Darkwood is a lot stranger than I expected. I was drawn to it by the promise of no jump scares – I wondered whether a horror game really could resist the urge to suddenly surprise me, and if it couldn’t, how it could scare me. It also happened to be Halloween so I wanted to be scared, and Darkwood had just arrived on PS5, so the um, pumpkins aligned.
Darkwood
- Developer: Acid Wizard Games / Crunching Koalas (PS5)
- Publisher: Acid Wizard Games
- Platform: Played on PS5
- Availability: Released 2017 on PC, and 28th October 2022 on PS5
But now I feel misled. Not because Darkwood isn’t scary, or because it uses jump scares – it has surprised me a few times (maybe there’s no getting away from this in horror), though not enough to suggest it leans on this as a scare tactic. But because reducing Darkwood to a conversation about scares misses so much of what I think it’s about.
Darkwood is deep – surprisingly so.
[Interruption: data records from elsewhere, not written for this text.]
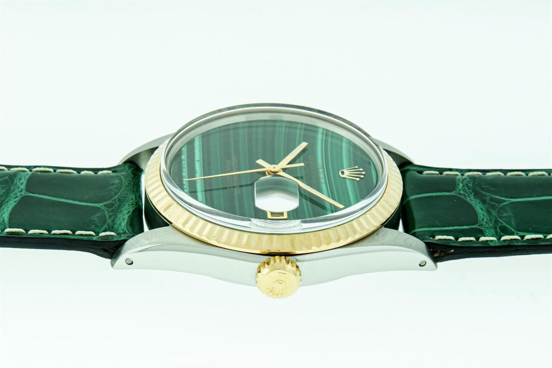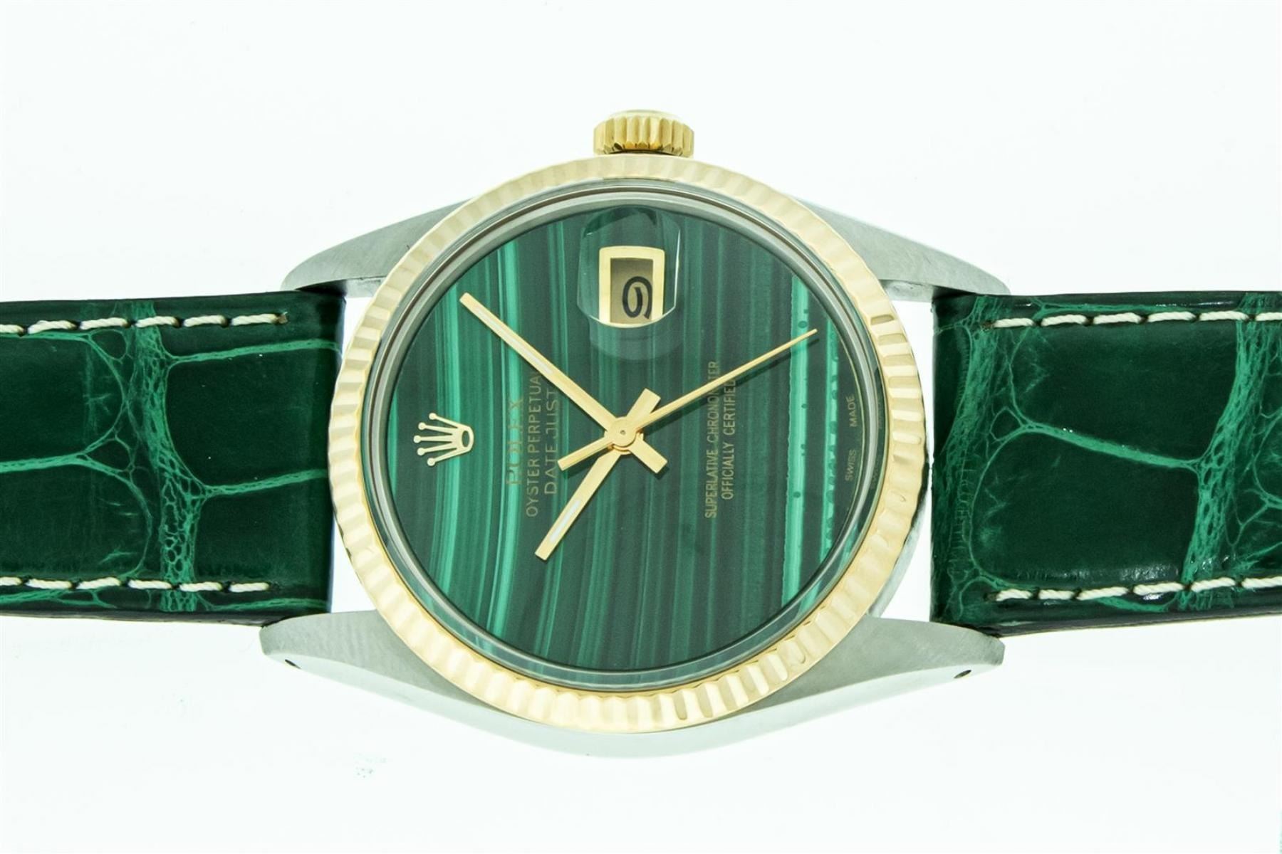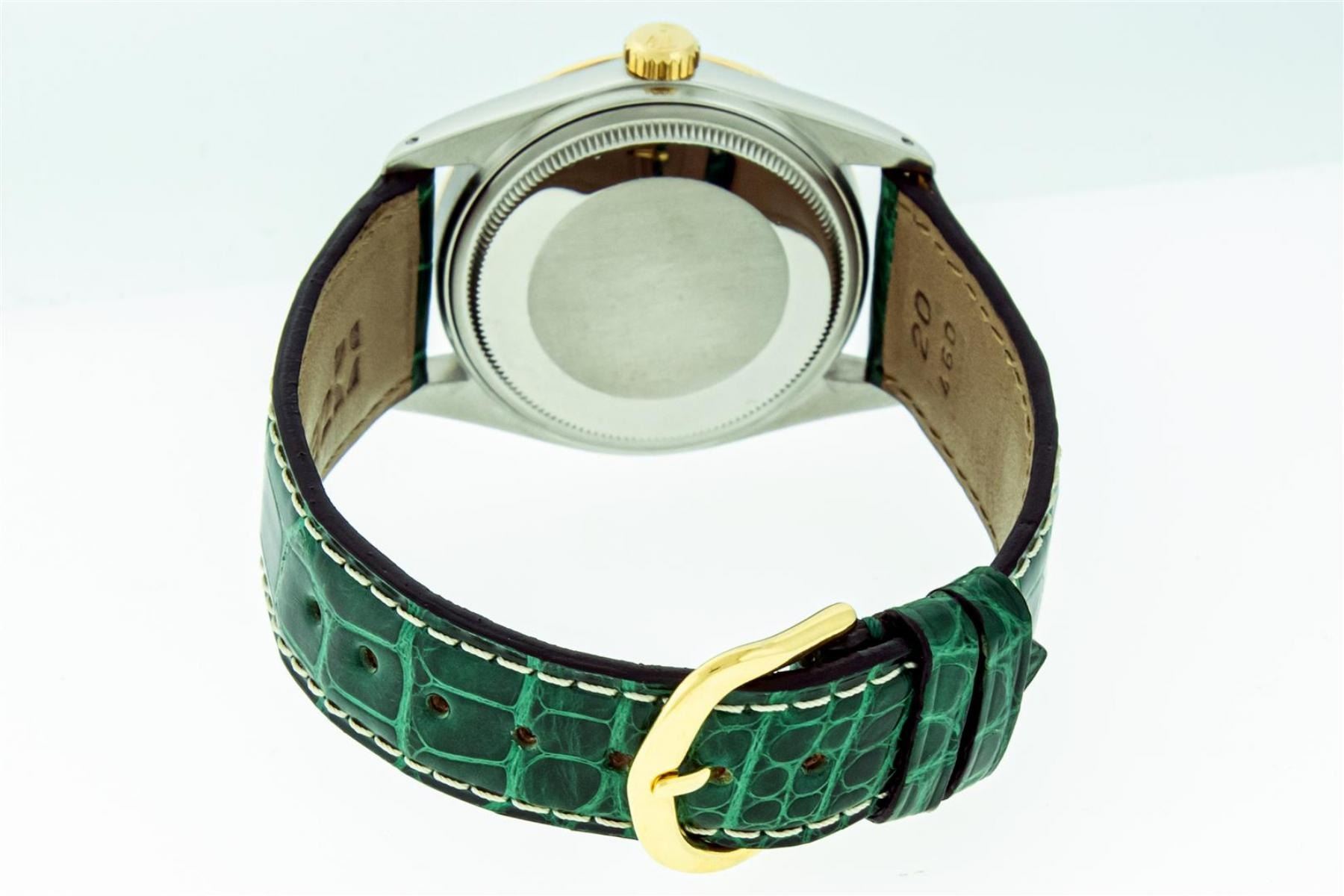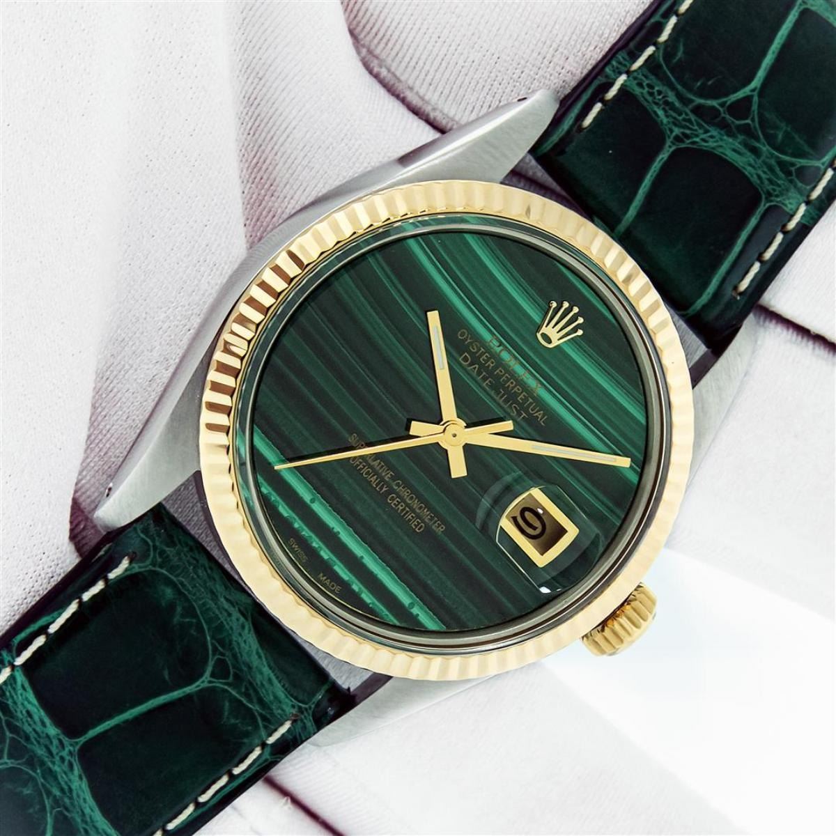 One Mens Yellow Gold Two Tone Rolex Datejust Polished, Serviced & Electronically Tested, Yellow Gold & Stainless Steel Case: 36mm, Yellow Gold Crown, Original Bezel: Yellow Gold Fluted Bezel. Custom Crystal: New Acrylic Crystal With Cyclops Lens. Custom H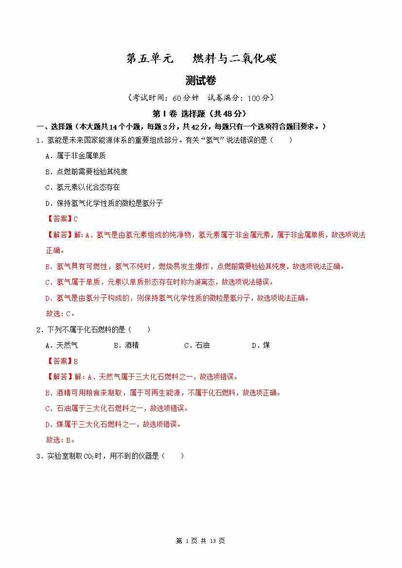 第5单元 燃料与二氧化碳【单元卷·测试卷】(解析版)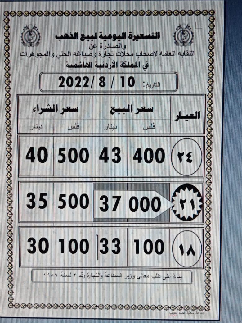 وبلغ سعر شراء غرام الذهب عيار 21 الاكثر رغبة بين المواطنين 37.00 دينارا، فيما بلغ سعر البيع للصاغة 35.50.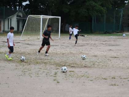 雨があがることを見込んで、前半は屋内でのミーティング、雨があがった後半は運動場でのメニューに取り組んでいました。また、練習の合間を見て、草取りも行ってくれました。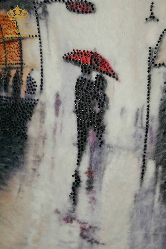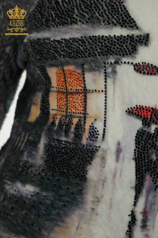 Hurtownia damska swetra z dzianiny Angora z długim rękawem i kamieniem haftowanym cyfrowym - 40023 | KAZEE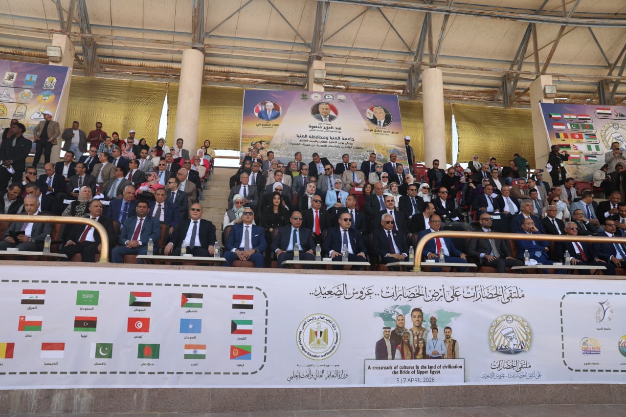 على هامش اليوبيل الذهبي لجامعة المنيا.. وزير التعليم العالي والمحافظ المنيا ورئيس الجامعة يشهدون ختام فعاليات "ملتقى الحضارات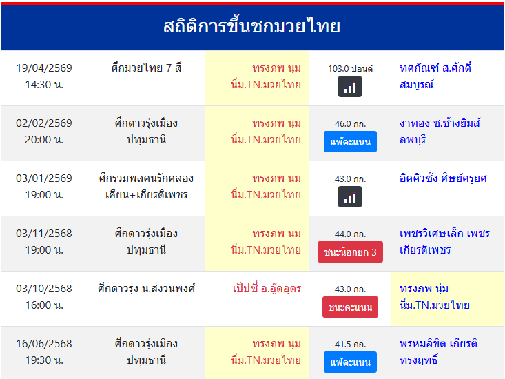 | ขึ้นชกล่าสุด | 2/2/2569 (2 เดือน 12 วัน) |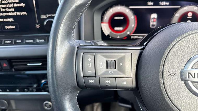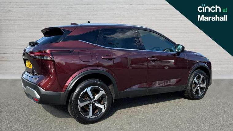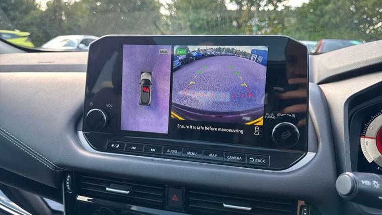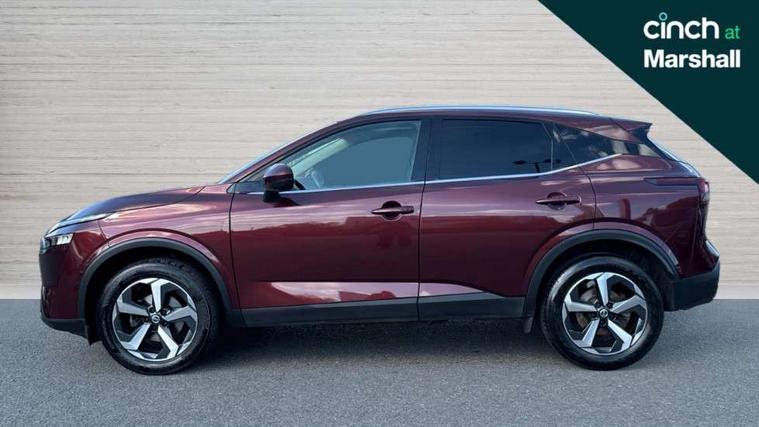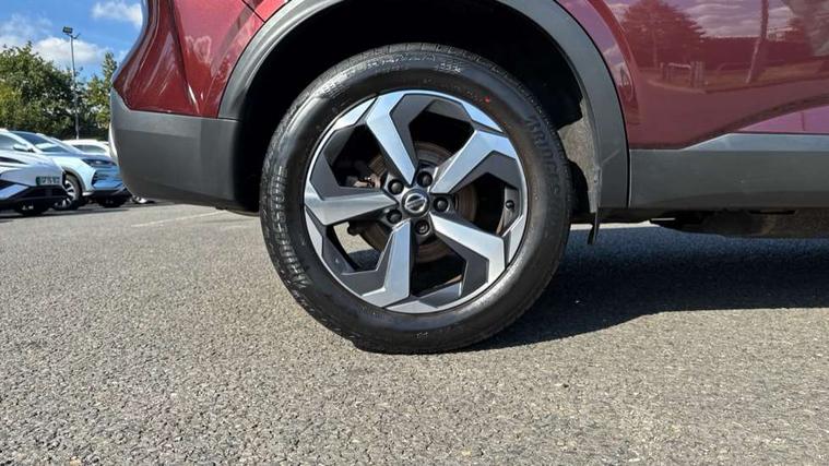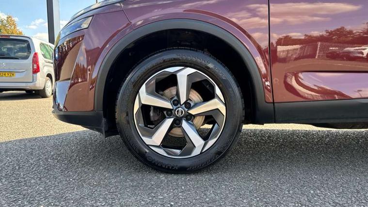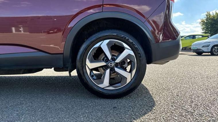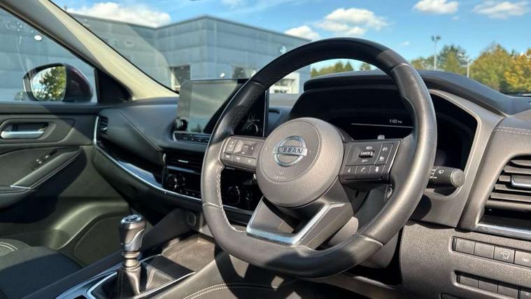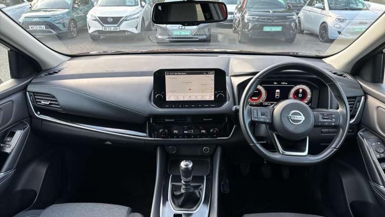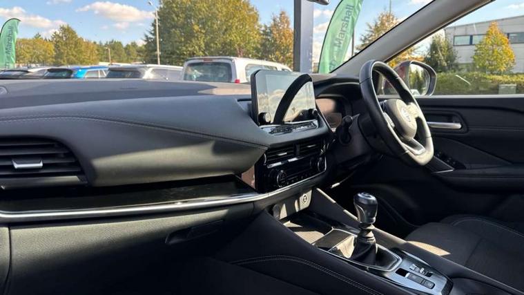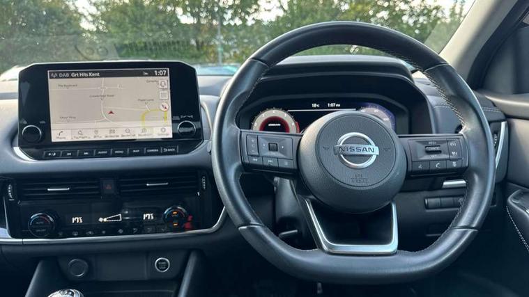 Android auto/Apple CarPlay (Wired), Blind spot warning, Drive modes (sport, normal, eco), Electric speed sensitive power steering, Emergency and breakdown call, Front and rear parking sensors, Full Digital 12.3" TFT Digital Combimeter, Idle stop/start system, Intelligent Cruise control (ICC), Intelligent driver alert system, Intelligent forward collision warning, Intelligent lane intervention, Lane departure prevention, Lane departure warning system, Maximum speed limiter, Moving object detection, Push button starter, Rear cross traffic alert, Traffic sign recognition, Trip computer, 6 speakers, AM/FM audio system with DAB, Bluetooth audio streaming, Front USB connections (Type-A and Type-C), Rear USB charging only ports (Type-A and Type-C), Auto dimming rear view mirror, Auto rear wiper when reversing, Body colour mirror caps, Body coloured door handles, Bodyside mouldings, Chrome side window finisher, Electric auto folding door mirrors, Electrically adjustable and heated door mirrors with LED turn indicator, Follow me home headlights, High beam assist, Intelligent auto headlights, LED daytime running lights, LED Headlights, LED rear lights, One touch front and rear electric windows with remote opening and closing, Partially body coloured bumpers, Privacy glass, Rear roof spoiler, Rear styling plate, Shark fin antenna, Splash free rain sensing wipers, Super UV and infrared cut glass, Three blink turn signal, 12v power socket in dashboard and luggage, 2 way electrical driver lumbar adjustment, 2x Rear coat hooks, 3 rear headrests, 4 grab handles, 6 Luggage hooks - 4 on floor, 2 on side, 60/40 split folding rear seat, Ambient lighting around centre console, Centre console storage tray, Chrome interior door handles, Cloth monoform upholstery, Driver and front passenger sunvisors with illuminated vanity mirrors, Driver seat back pocket, Dual zone automatic climate control with pollen filter, Front centre console and armrest, Front cupholder, Front door with bottle holders, Glovebox with light, Hard trunk cover, Height adjustable front headrests, Leather shift knob, Leather steering wheel, Luggage board system, Luggage space lighting, Manually adjustable passenger (slide recline + lifter), Multifunction steering wheel, Passenger seat back pocket, Rear armrest with 2 cupholders, Rear door bottle holders, Soft PVC kneepad, Steering wheel switches, Sunglasses holder, Tilt/telescopic adjustable steering wheel, Two rear isofix child seat anchorage points with top tether, Welcome light and console tray ambient lighting, Connectivity Pack - Qashqai N-Connecta, 3x3 point rear seatbelt pretensioners + load limiters, ABS, ESP, EBD and brake assist, Active brake limited slip, Auto hold function, Child locks on rear doors, Curtain and front side, far side airbags, Driver and passenger airbags, Driver, passenger and 2nd row rear seat belt reminder, Electronic parking brake, Front seatbelt pretensioners + load limiters, Height adjustable front seatbelts, Hill start assist, Intelligent blind spot intervention, Intelligent front emergency braking with pedestrian, cyclist recognition and junction assist, Intelligent rear automatic braking, Tyre pressure monitoring system, Vehicle dynamic control, Capless fuel filler, Engine immobiliser, Nissan i-key, Remote central door locking with deadlocking, Thatcham Cat.1 alarm, 18" Diamond cut alloy wheels,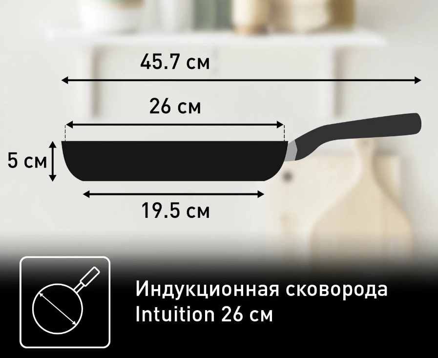 Сковорода с общим диаметром 26 см может эксплуатироваться на всех видах плит, включая индукционные. Модель отличается круглой формой. Универсальная посуда подходит для обжарки, томления, тушения продуктов. Антипригарное покрытие препятствует прилипанию. Дно обладает индикацией нагрева ThermoSpot, демонстрирующей готовность к использованию.
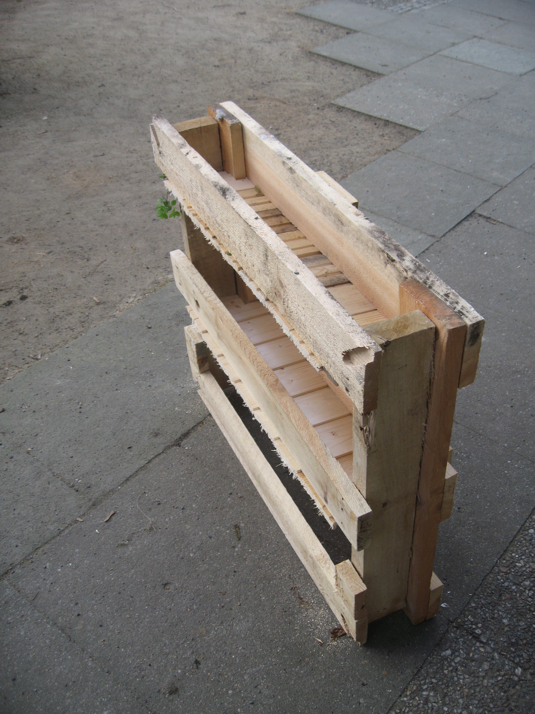 diese woche haben wir begonnen, unser etagen-erdbeerbeet zu bauen: neulich lagen da irgendwo zwei verwaiste paletten rum, und die bilder von hochkant stehenden etagen-palettenbeeten geistern ja überall rum im netz. die idee war also ein zusammentreffen von zufällen – die musste ich dann noch kurz gegenüber den gärtnerinnen verteidigen (oder: erklären?), und länger drüber schlafen, wobei ich das planen dann doch gleich hab bleiben lassen. es sind also bloss zwei zusammengeschraubte paletten, wobei die eine deutlich schmaler war, als die andere. die böden könnten auch zugeschnitten werden; da wir aber das benutzt haben, was vorhanden war, hab ich auch das bleiben lassen und viele kleine hölzer mit dem grossen und kleinen begleiter angeschraubt. wir werden das beet nächste woche in den boden eingraben, deshalb zuunterst kein boden. und wenn dann die ersten tauglichen erdbeerpflänzchen zu finden sind, wird eingesetzt.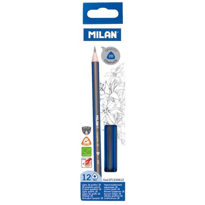 Milan Graphite Pencils 2b Pack 12 Triangular 2B pencils. Lead measures 2.4 mm. Ergonomic triangular shape. 2B leadis soft, making it ideal for artistic drawing. The lead creates a uniform stroke and is resistant to breakage due to its LPS (Lead Protection System) which strengthens the lead by sticking it to the wood. The wood is sourced from sustainable forests.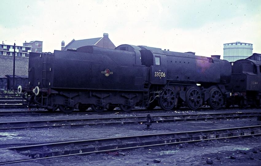 It's the end of the line for No. 33006, which is pictured without wheel coupling rods at Nine Elms, behind Standard Tank No. 80144. No. 33006 had become somewhat of a celebrity Q1 in its final months, having received white-painted buffers and smokebox door brackets, in addition to hauling a couple of rail tours through Hampshire and Wiltshire. © David Glasspool Collection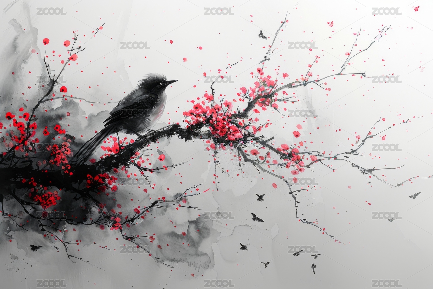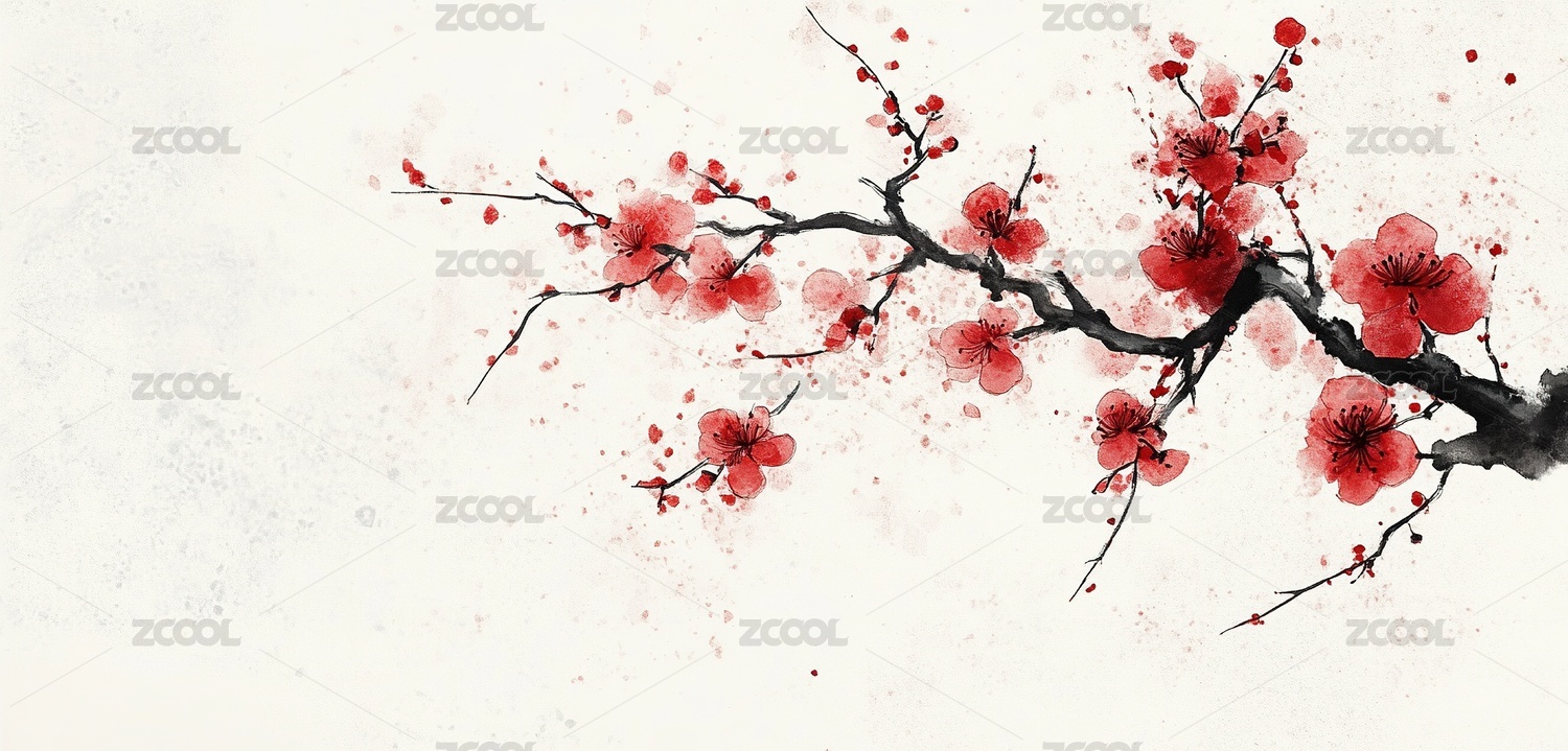 水墨丹青仙鹤飞舞,红梅绽放唯美画卷

It’s surprising because the top-down, retro presentation – it’s quite like Hotline Miami but without the lurid colours – and the base-defence set-up make it feel quite simple. You’ve played this kind of game a million times before. Find wood to barricade windows. Find fuel to power a generator. Craft things. Keep the lights on, keep the enemies away at night.
But it’s what’s underneath, and what starts to emerge in time, that makes Darkwood so much more. Take the tutorial, for instance. It’s not what you expect. You’re some bloke trapped in a cabin in the woods, and as you explore the cabin, you find cages, but you can’t clearly see what’s going on because the lights are dim – the game loves playing around with light. It all feels slightly wrong and ominous. Then a stranger arrives and you capture him.